The convicted killer, sometimes called “the serpent” for frequently evading police and using a disguise, has been accused of more than a dozen killings, but has never been convicted in Nepal. are only two.
A judge ordered Sobraj’s release within days based on his old age, good deeds and the length of the sentence he had already served, according to a ruling issued by Nepal’s Supreme Court. It was pointed out that the murderer who received it also suffered from a heart condition that would likely require open-heart surgery.
“His continued imprisonment violates the standard human rights of prisoners,” the court ruled, adding: He should return to his country within 15 days. ”
Sobhraj’s attorney, Lokbhakta Rana, told The Washington Post on Thursday that he praised the judge for “a very bold decision” to order his immediate release.
“Actually, I didn’t expect it at all. But it’s the right decision,” Lana added. “Nobody wanted to let him go.”
“He was tried according to the law, imprisoned according to the law, and released according to the law.”
Rana said she hopes her client will be released from a Nepalese prison within two weeks and will return to France.
Sobhraj was imprisoned in India for 21 years from 1976 after being convicted of theft. After attempting to escape in 1986, shortly before his original sentence ended, Sobraj was recaptured and returned to prison, where he faced an extended sentence.
Associated Press reports that year said Sobhraj was accused of a variety of crimes during his re-arrest in Nepal, Singapore, Greece, Afghanistan, Hong Kong, Turkey and Iran, ranging from car theft to drugging, robbery and murder of a young couple. wanted for a violent crime. We were getting along.
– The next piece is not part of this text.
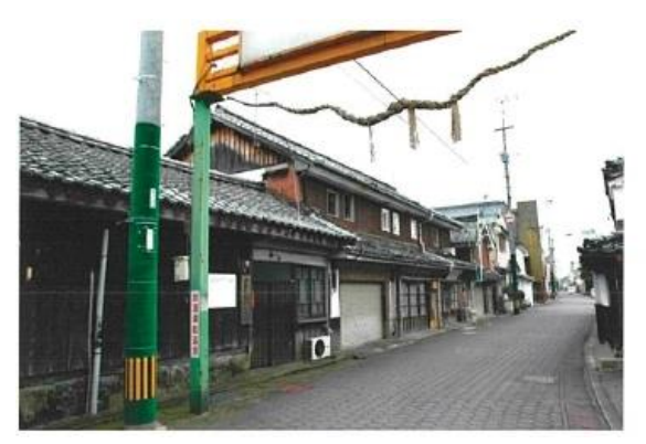
A street with buildings of the 20th Century

Tanushimaru Town was changed as much as the others today. However, some structures between the 17th and 20th century remain such as the form of roads, the Hibarigawa Ditch, narrow paths, a sake cave of Wakatakeya Brewery, which appears on the map (in Figure 2 on the opposite bank of the Kamaeguchi ), some Western-style building of the early 20th century, some other old building and so on.

The extension of Sobhraj’s sentence for his escape attempt, which marked the time of his final release from prison in 1997, resulted in an extradition request from Thailand, where he was wanted for 14 murders and faced the death penalty. Yes, it had expired under a 20-year law. Of the limitations, AP reports pointed out at the time.
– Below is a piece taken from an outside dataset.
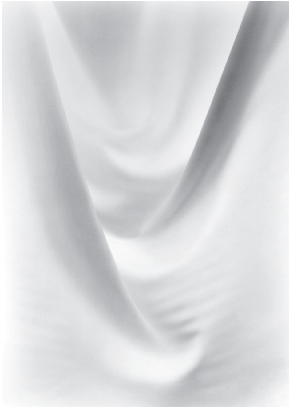
Passage #85-33a, 1985-2011, pigment print 46 x 33 inches, edition of 6 plus 2 artist's proofs

While smartphone technology can transform snapshots taken by novices into seemingly professional images, it concurrently amplifies the demand for high-value, experimental niche art photography. Even artificial intelligence falls short in replicating emotionally raw, human-directed moments, which remain a pivotal element in photography's ongoing evolution from a primarily utilitarian and objective medium to a highly specialized, experience-driven craft. The proliferation of contemporary artists striving to counteract the flood of mediocre slop, coupled with a resurgence of interest in analog photography among the youth, suggests a preference for a more tactile and less immediately gratifying creative experience. Ultimately, what is fading is the outdated notion that photography ever served as a reliable form of 'truth-telling' or objective evidence of life.

For reasons that remain unclear, Sobhraj subsequently returned to Nepal, where he was wanted by the police on suspicion of murder. In 2003, Kathmandu He was spotted by a reporter from the Himalayan Times in a casino, arrested, and eventually sentenced to 20 years in prison. imprisonment years.
His life has been the subject of multiple dramatizations, including the 2021 multi-part drama The Serpent by Netflix and BBC.